As described above, the operation of the ferroelectric memory device according to the present invention is the same as that of the conventional general FeRAM or DRAM. In other words, the method of writing or reading data in a cell is the same, and only a depletion transistor is used to configure an active region as a bit line.

Therefore, since the process sequence for implementing the cell of the present invention is not very different from a general memory device manufacturing process, a detailed description of the process will be omitted. In the method of forming the depletion transistor and the increase transistor, the method of ion implantation with each of the depletion transistor and the increase transistor region exposed separately, while the depletion transistor region and the increase transistor region are both exposed. After the ion implantation is performed to form the depletion transistor, the implantation transistor may be formed by performing ion implantation for compensation in the state where only the transistor region is exposed.

The present invention described above is not limited to the above-described embodiments and the accompanying drawings, and various substitutions, modifications, and changes can be made in the art without departing from the technical spirit of the present invention. It will be apparent to those of ordinary knowledge.
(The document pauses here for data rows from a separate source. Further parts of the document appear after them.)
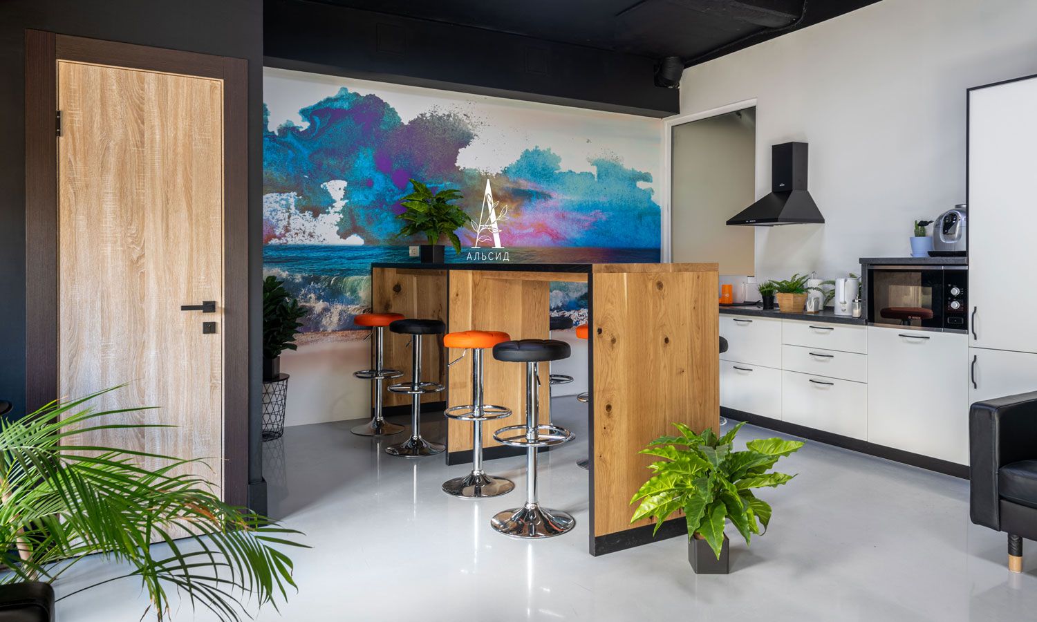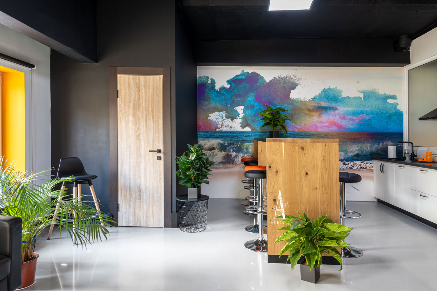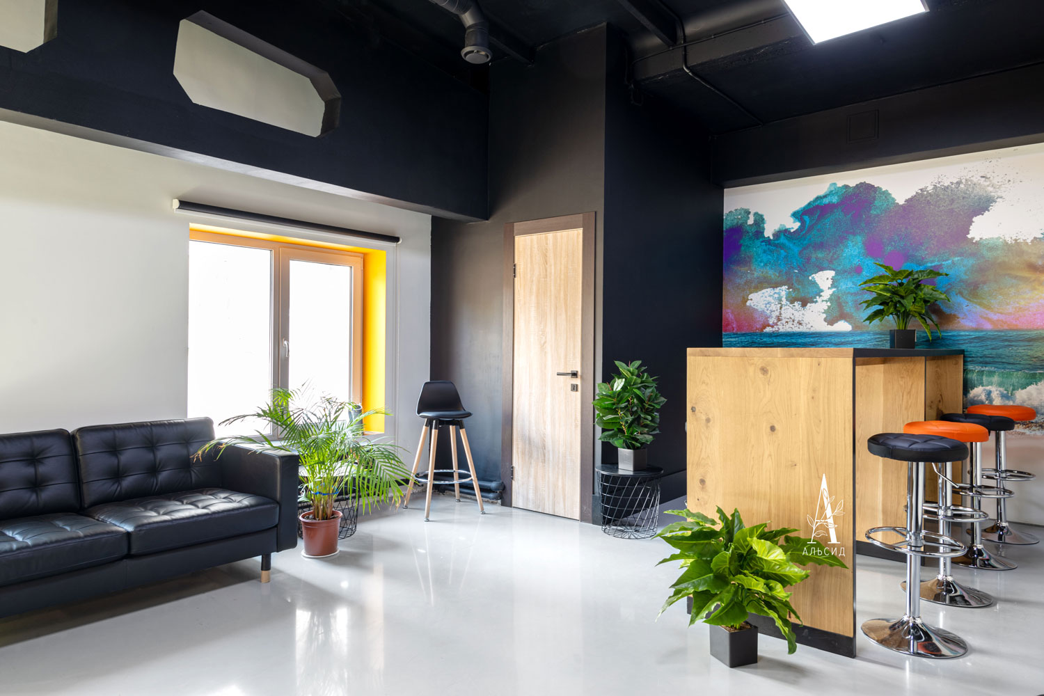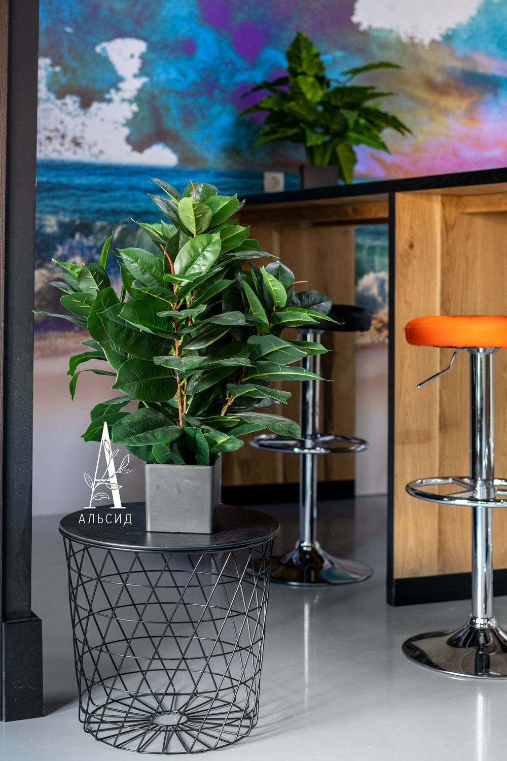 При создании рабочего пространства в последнее время компании все больше уделяют внимание комфорту и эстетике. Тенденция озеленения укрепляется и дает множество вариаций для оформления помещений. Озеленение можно использовать как искусственное, так и смешаное: живые растения поставить у окна, а искусственные (например, фикус эластика и калладиум) расставить в любом другом месте. Переговорный кабинет украшен монстерой и напольным фикусом, а холл - фитостеной, замиокулькасом и фикусом Бенджамина. Также интересное решение использовано в уборной комнате: стрелиция не боится воды и может стоять рядом с раковинами. ;
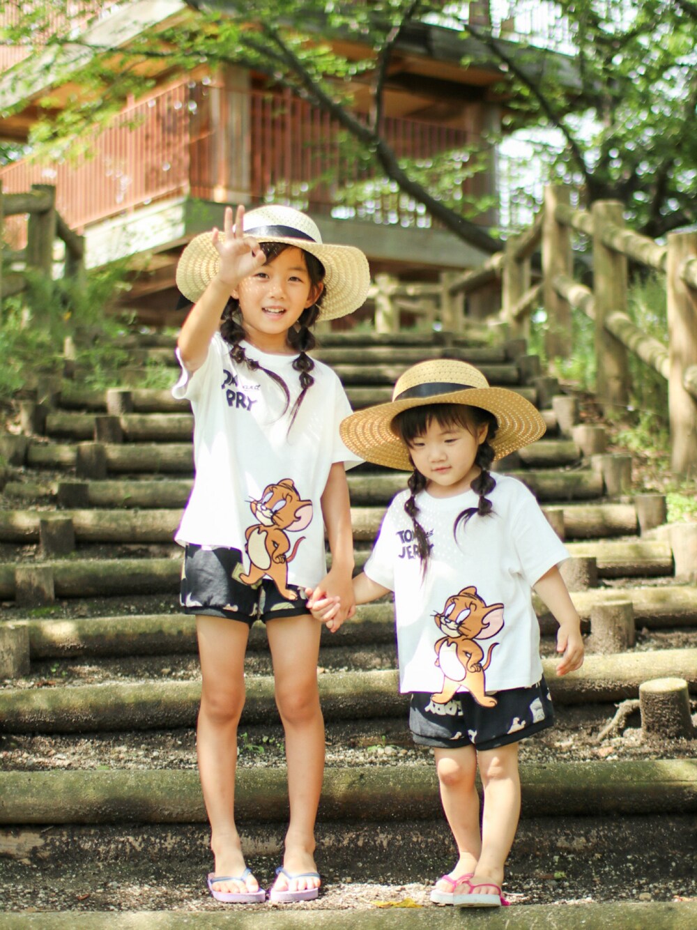 ダイソーの麦わらとビーサン 上下韓国子供服と激安プチプラコーデ🤭 全身で1500円いかないか?笑
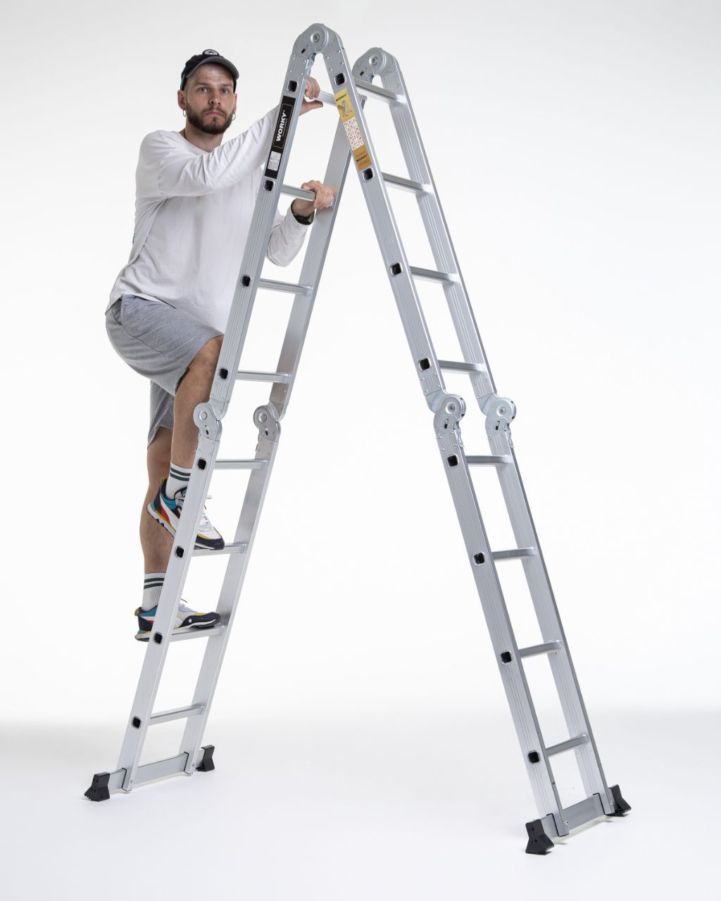 Алюминиевые стремянки выдерживают нагрузку до 150 кг благодаря поперечинам, прочному каркасу и металлической платформе — этого хватит для работы с инструментами при вашем весе. Стальные модели имеют разные показатели: Sarayli рассчитаны на 100 кг, а EUROGOLD — на 150 кг. Запас прочности позволяет безопасно работать с дополнительным весом инструментов.
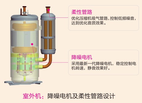 格力雅居外機采用降噪電機及柔性管路,內機選用專利高效降噪蝸殼、風葉,對噪音源處進行控制優化,達到了更高的靜音要求。
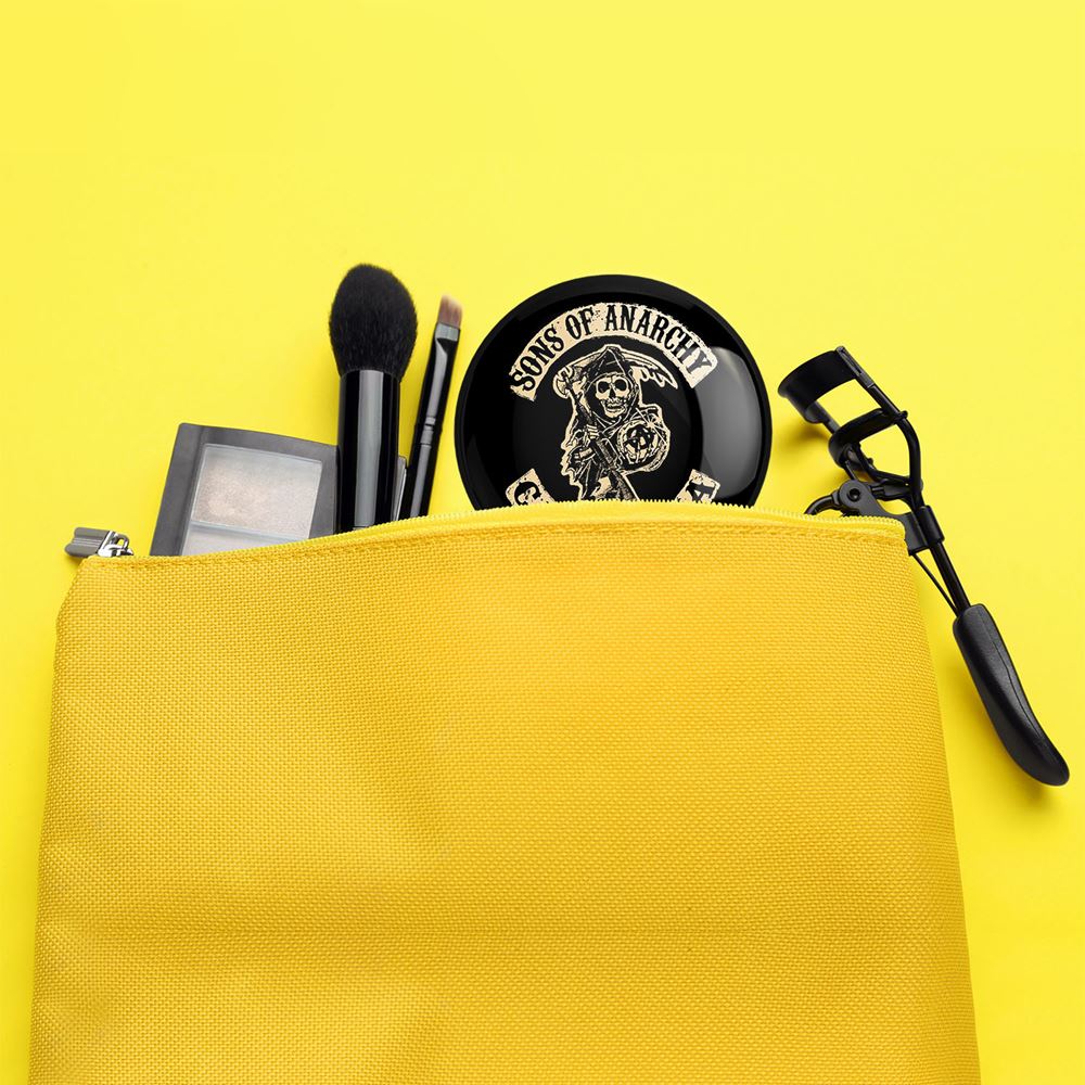 آینه های جیبی سریال فرزندان آشوب خندالو دایره ای به قطر 7.5 سانتی متر می باشد که نه خیلی بزرگ و غیر قابل استفاده در کیف آرایشی ست و نه خیلی کوچک که تصویر خاصی در آن مشاهده نشود. سایزی استاندارد و کارآمد دارد و مناسب قرار گیری در کیف لوازم آرایش و کیف های کوچک دستی نیز هست.

According to the present invention, the active area is used as a bit line, so it is not necessary to form a contact for each cell, and only a minimum width according to a design rule is required because only an active line needs to be formed. do.

In addition, since there is no need to form a bit line contact for each memory cell, the area required for the contact design rule is not consumed, and the bit plate and the plate line are parallel so that the cell plate drive occupies the word line direction. By eliminating the space, the word line delay can be reduced.

In addition, the present invention can reduce the cell area of the nonvolatile ferroelectric memory device, and can freely configure the layout of word lines, cell plate lines, and bit lines.

Claims (4)

A ferroelectric capacitor including a ferroelectric capacitor, an increase transistor for selecting data of the ferroelectric capacitor, a word line for selecting the increase transistor, and a bit line for transferring data received from the increase transistor through the word line to a sense amplifier. In a memory cell, A first active region connected to a neighboring cell and having a gate of a depletion transistor formed thereon to form the bit line; A second active region in contact with the first active region and having a gate of the incremental transistor formed thereon; A word line connected to the gate of the depletion transistor and the gate of the increment transistor; And Ferroelectric capacitor connected to the drain of the incremental transistor A ferroelectric memory cell comprising a. The method of claim 1, And a cell line of the ferroelectric capacitor and the bit line are parallel to each other. The method of claim 1, And the first active region and the second active region are n-type. In a ferroelectric memory device, Each unit block including the plurality of cells provided with the ferroelectric memory cell of any one of claims 1 to 3, A contact region exposing the first active region; And A metal line connected to the first active region through the contact region to transfer data of the bit line Ferroelectric memory device comprising a.